- **Activity**: The task for the listing below is to write out exactly the lines starting at the one containing "(j) DSP Nifty" and ending at the one containing "बहराइच में रविवार", both included. Pictures are to be omitted.

- **Data for the task**:
######

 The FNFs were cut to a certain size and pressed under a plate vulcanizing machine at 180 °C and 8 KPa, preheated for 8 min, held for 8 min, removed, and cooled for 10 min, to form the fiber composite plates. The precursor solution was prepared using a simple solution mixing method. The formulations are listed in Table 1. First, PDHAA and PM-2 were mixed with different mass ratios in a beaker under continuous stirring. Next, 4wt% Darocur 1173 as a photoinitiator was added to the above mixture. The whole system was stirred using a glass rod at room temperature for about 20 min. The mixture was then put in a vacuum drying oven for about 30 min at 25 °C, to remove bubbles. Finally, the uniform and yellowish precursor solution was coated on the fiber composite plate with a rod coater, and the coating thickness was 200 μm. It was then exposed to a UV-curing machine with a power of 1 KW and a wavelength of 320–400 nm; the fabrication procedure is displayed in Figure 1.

######

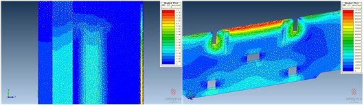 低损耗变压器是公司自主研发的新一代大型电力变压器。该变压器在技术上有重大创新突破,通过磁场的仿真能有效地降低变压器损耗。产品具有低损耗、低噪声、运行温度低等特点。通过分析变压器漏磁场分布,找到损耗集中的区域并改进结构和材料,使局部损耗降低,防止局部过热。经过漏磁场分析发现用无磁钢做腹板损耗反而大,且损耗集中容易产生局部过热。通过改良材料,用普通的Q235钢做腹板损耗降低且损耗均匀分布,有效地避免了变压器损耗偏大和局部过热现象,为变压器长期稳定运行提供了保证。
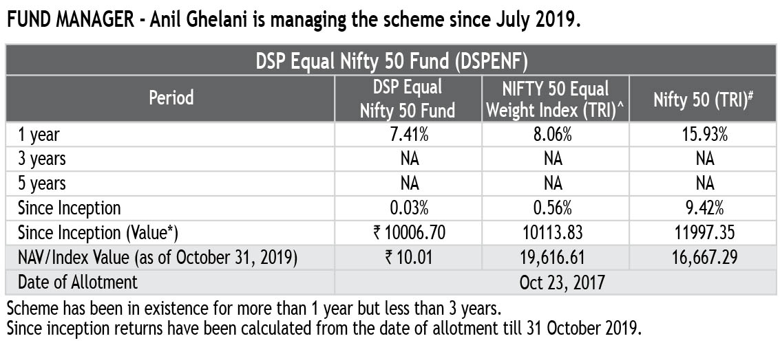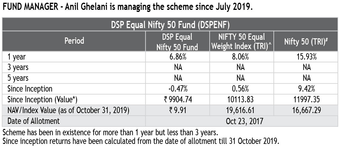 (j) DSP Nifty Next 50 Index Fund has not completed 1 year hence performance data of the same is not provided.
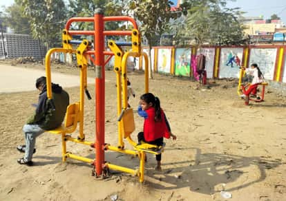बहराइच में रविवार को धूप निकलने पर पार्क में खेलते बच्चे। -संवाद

######

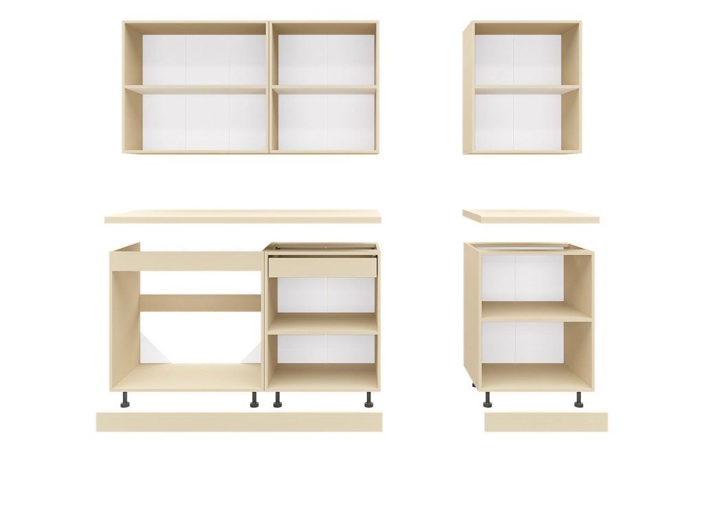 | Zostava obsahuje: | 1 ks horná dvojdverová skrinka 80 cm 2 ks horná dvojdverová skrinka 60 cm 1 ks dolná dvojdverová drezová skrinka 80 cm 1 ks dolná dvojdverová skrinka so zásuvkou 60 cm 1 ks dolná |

######

- **Solution**:
 (j) DSP Nifty Next 50 Index Fund has not completed 1 year hence performance data of the same is not provided.
बहराइच में रविवार को धूप निकलने पर पार्क में खेलते बच्चे। -संवाद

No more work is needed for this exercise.